(REQUIRED WORK) Both ends included, set down the lines from the line containing "На днях Псаки" through the last line of the records below, without pictures.

(EXERCISE DATA)

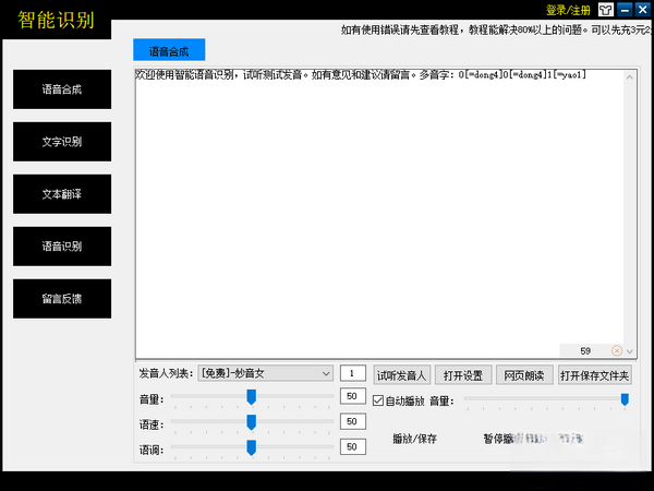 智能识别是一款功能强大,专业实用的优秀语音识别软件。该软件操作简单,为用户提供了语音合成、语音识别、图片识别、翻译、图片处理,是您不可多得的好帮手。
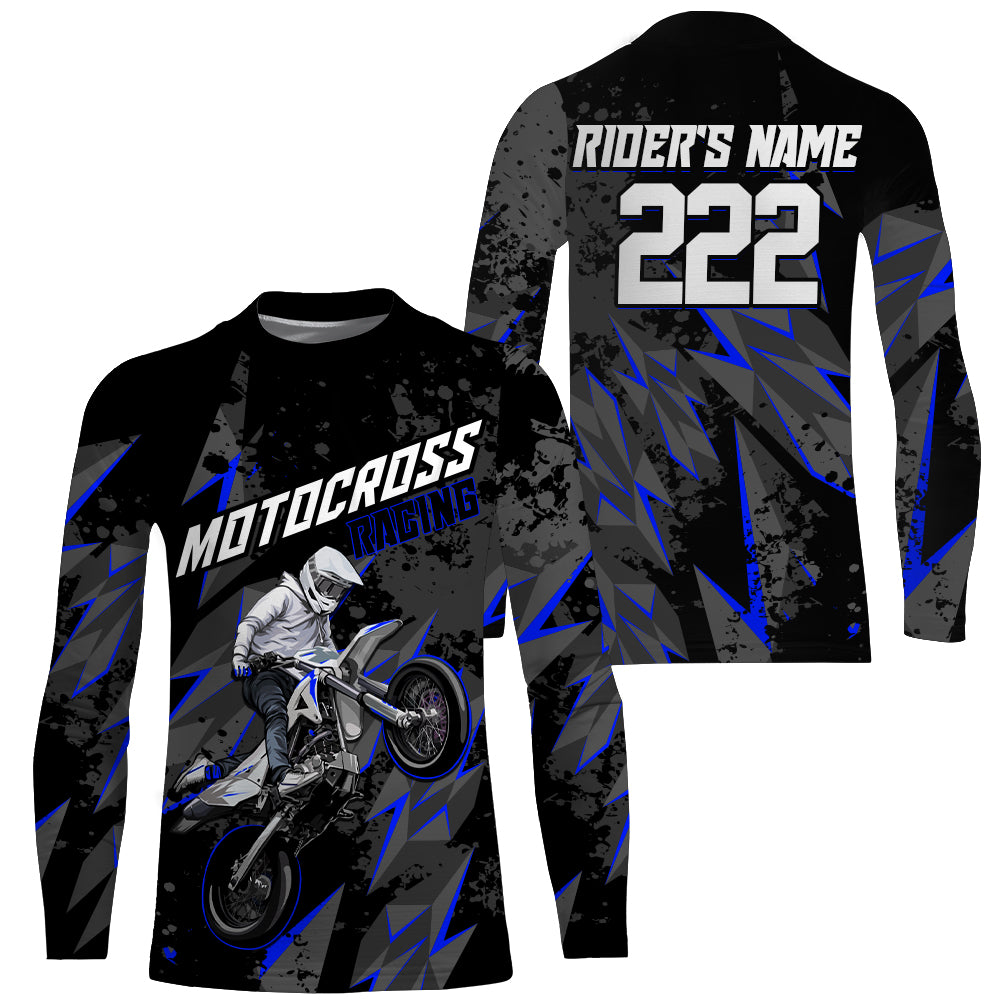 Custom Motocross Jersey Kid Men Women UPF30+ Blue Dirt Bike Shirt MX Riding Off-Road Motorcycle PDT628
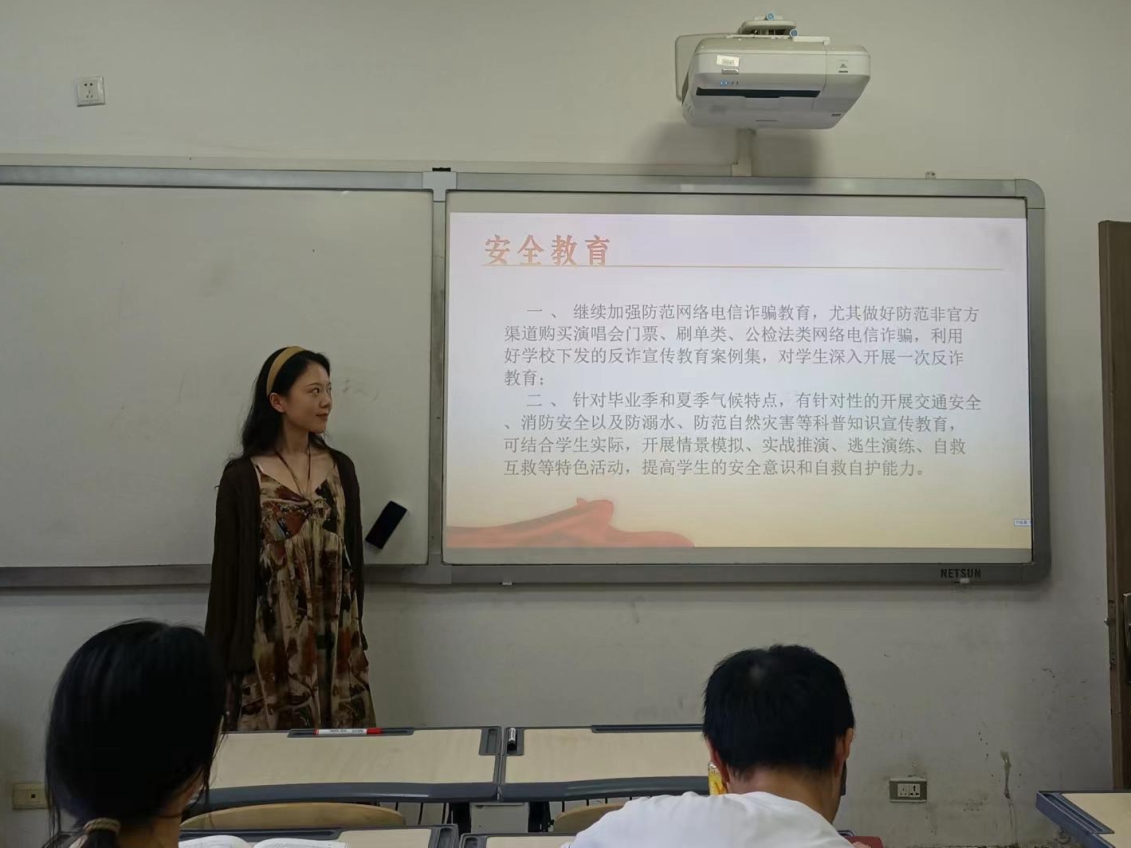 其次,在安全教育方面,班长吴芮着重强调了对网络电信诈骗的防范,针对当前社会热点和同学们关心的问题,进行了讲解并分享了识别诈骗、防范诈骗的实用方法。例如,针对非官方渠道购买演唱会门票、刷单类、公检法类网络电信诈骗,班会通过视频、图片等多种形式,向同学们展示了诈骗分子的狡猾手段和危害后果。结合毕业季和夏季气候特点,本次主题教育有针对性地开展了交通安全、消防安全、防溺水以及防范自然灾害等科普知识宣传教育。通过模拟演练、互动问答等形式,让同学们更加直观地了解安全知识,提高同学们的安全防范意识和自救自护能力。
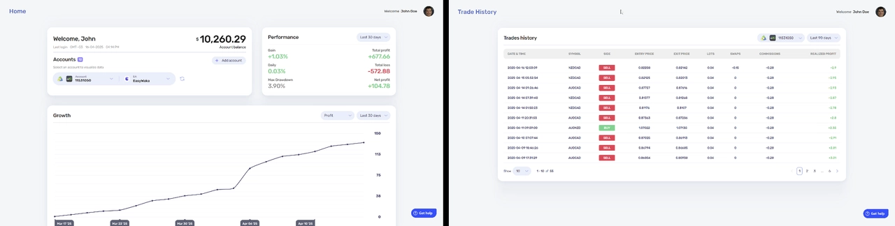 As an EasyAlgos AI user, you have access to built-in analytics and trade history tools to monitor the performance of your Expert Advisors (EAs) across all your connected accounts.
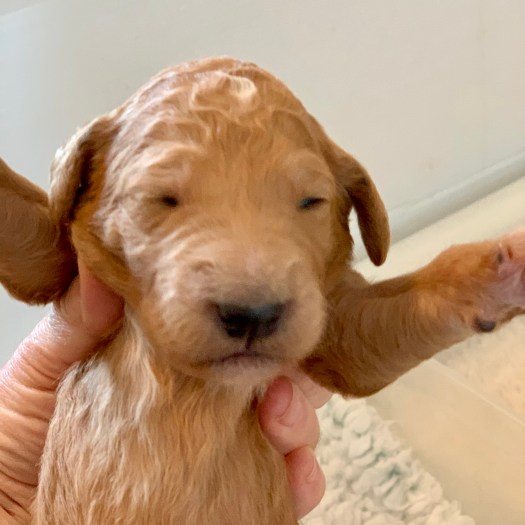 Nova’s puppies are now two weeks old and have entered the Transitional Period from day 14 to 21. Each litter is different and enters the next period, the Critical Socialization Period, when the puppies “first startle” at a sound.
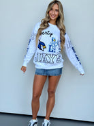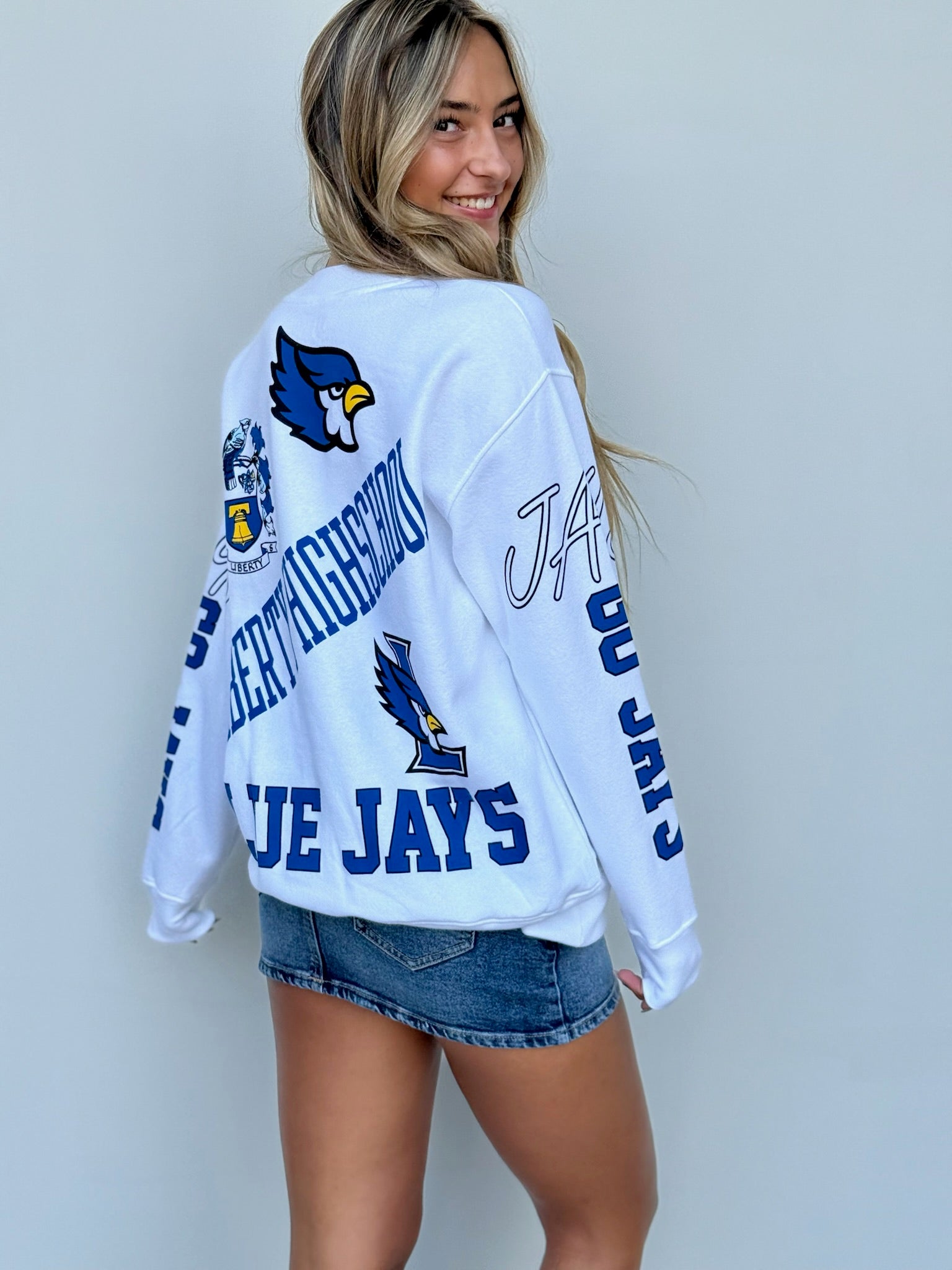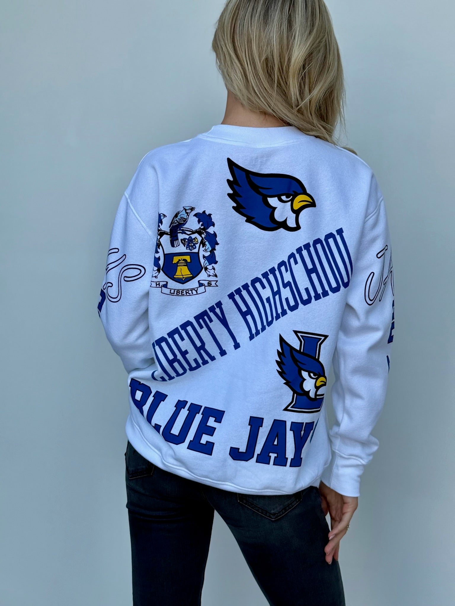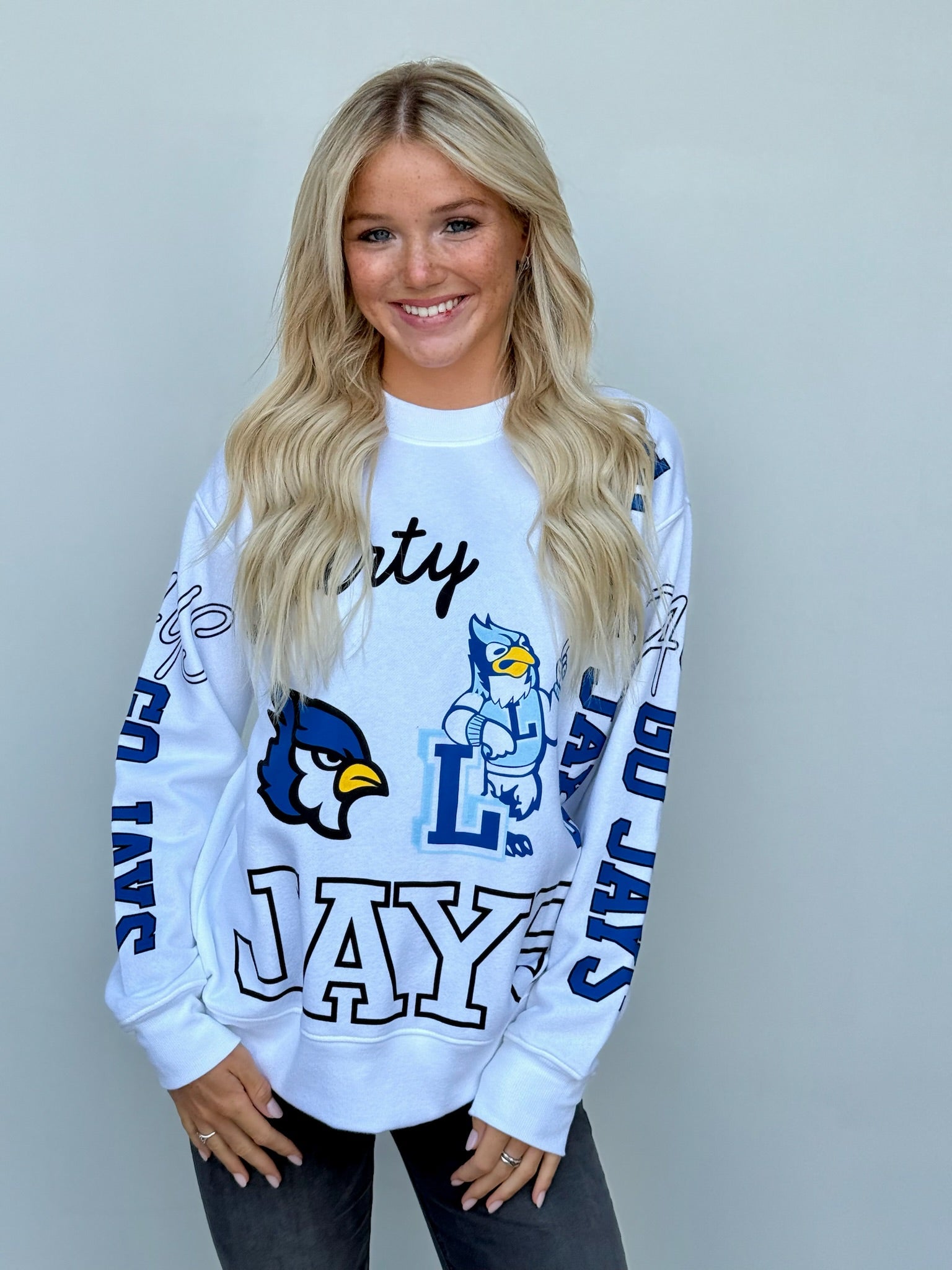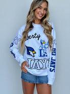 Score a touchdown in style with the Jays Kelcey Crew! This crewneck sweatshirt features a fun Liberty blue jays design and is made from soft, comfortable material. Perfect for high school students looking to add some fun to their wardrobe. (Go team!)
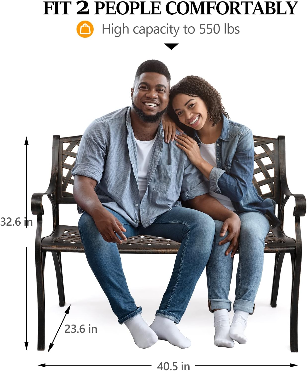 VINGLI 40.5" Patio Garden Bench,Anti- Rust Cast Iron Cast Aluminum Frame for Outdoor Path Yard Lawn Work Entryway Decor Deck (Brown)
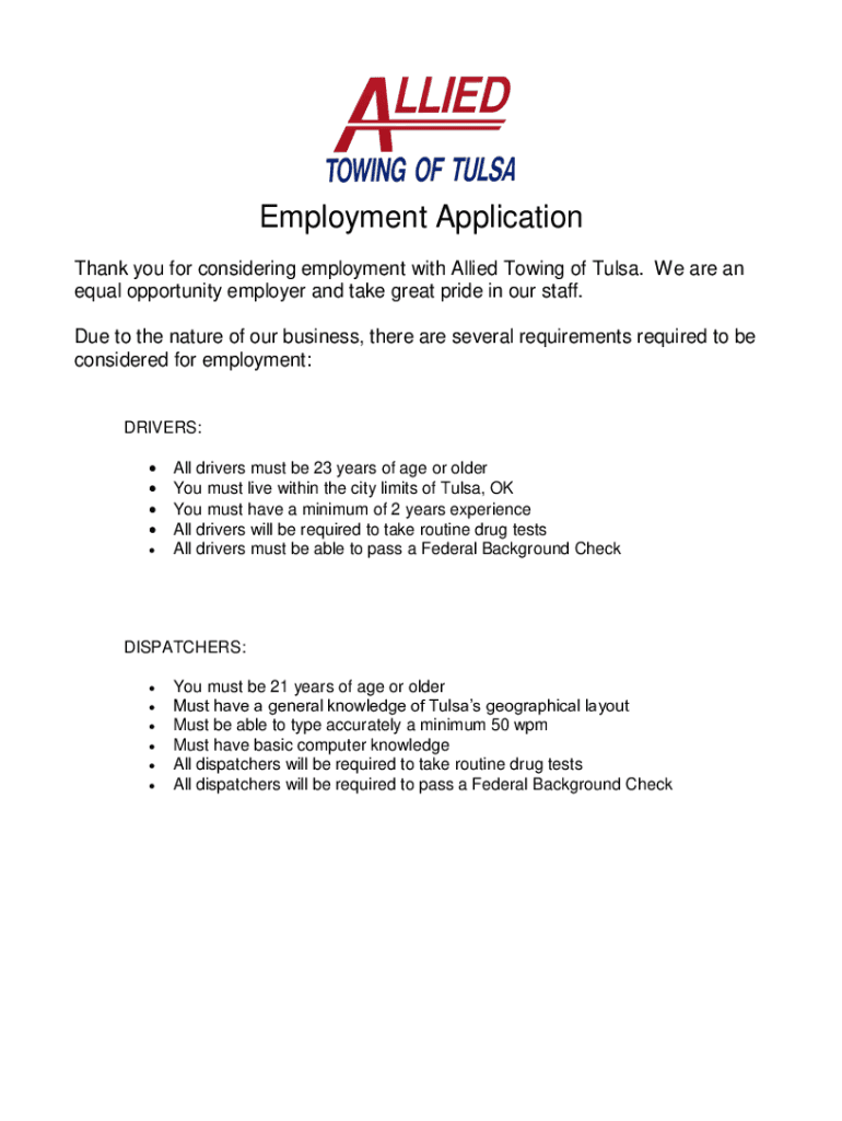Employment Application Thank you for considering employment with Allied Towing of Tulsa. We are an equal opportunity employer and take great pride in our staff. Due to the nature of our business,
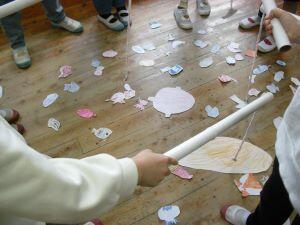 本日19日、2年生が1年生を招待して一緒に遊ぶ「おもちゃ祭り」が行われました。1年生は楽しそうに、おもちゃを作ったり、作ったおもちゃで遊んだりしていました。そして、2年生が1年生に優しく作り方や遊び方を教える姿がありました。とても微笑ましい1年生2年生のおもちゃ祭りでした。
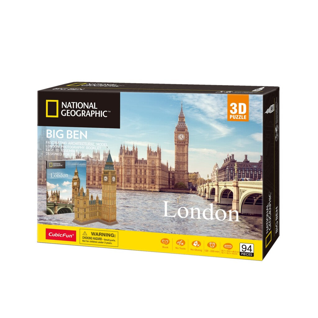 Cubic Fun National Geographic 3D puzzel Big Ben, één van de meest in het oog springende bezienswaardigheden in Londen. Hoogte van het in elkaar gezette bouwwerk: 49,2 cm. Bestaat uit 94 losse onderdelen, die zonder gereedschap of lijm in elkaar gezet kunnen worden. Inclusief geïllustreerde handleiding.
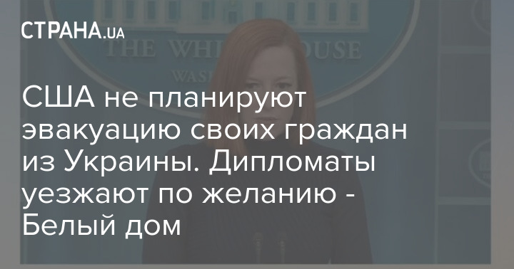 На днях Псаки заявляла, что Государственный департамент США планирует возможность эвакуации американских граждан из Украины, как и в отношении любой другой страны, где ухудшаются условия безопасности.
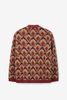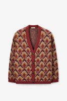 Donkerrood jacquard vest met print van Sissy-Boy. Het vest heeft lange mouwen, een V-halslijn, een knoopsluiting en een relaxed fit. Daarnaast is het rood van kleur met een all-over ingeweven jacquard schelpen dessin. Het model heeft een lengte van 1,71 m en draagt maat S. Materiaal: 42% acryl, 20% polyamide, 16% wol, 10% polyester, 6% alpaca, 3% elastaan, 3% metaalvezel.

(SOLUTION TO THIS EXERCISE)
 На днях Псаки заявляла, что Государственный департамент США планирует возможность эвакуации американских граждан из Украины, как и в отношении любой другой страны, где ухудшаются условия безопасности.
 Donkerrood jacquard vest met print van Sissy-Boy. Het vest heeft lange mouwen, een V-halslijn, een knoopsluiting en een relaxed fit. Daarnaast is het rood van kleur met een all-over ingeweven jacquard schelpen dessin. Het model heeft een lengte van 1,71 m en draagt maat S. Materiaal: 42% acryl, 20% polyamide, 16% wol, 10% polyester, 6% alpaca, 3% elastaan, 3% metaalvezel.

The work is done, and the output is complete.